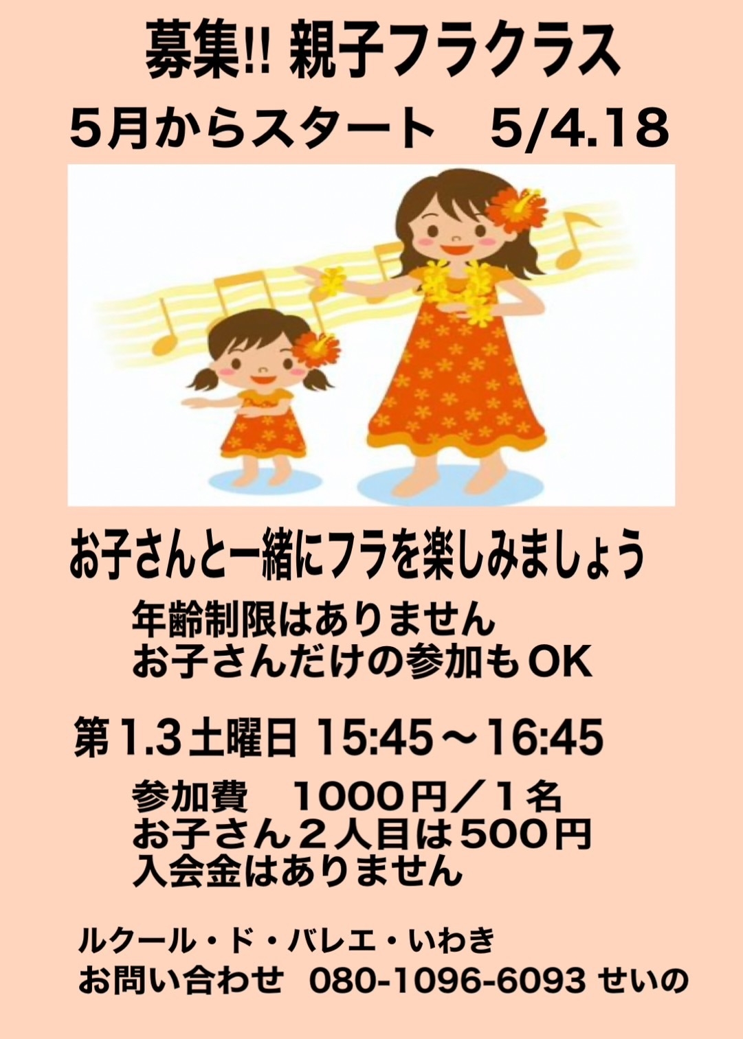 お知らせ/ふじみ野スタジオ 清野明子先生の親子フラレッスン開始
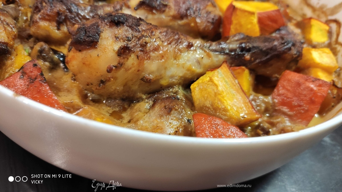 Выложить смесь в большую форму для запекания, сверху разложить курицу и кусочки тыквы. Запекать в духовке 30–40 минут при 180°C. Проверить очень просто — ножом прокалываете самую толстую часть голени. Если сок прозрачный, значит, курица готова. - Шаг 5
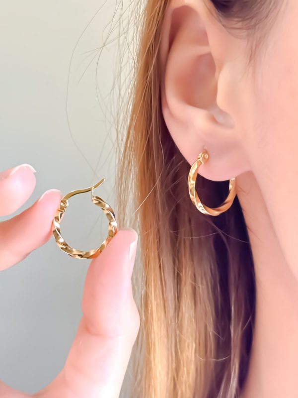 Le contraste entre le doré crée un effet lumineux raffiné. Ces boucles apportent une touche d’élégance moderne à vos tenues du quotidien.

= = = = = = =

* _EXERCISE PROMPT_
Line by line, return the listing above exactly, leaving out its pictures.

* _WRITTEN ANSWER_
 お知らせ/ふじみ野スタジオ 清野明子先生の親子フラレッスン開始
 Выложить смесь в большую форму для запекания, сверху разложить курицу и кусочки тыквы. Запекать в духовке 30–40 минут при 180°C. Проверить очень просто — ножом прокалываете самую толстую часть голени. Если сок прозрачный, значит, курица готова. - Шаг 5
 Le contraste entre le doré crée un effet lumineux raffiné. Ces boucles apportent une touche d’élégance moderne à vos tenues du quotidien.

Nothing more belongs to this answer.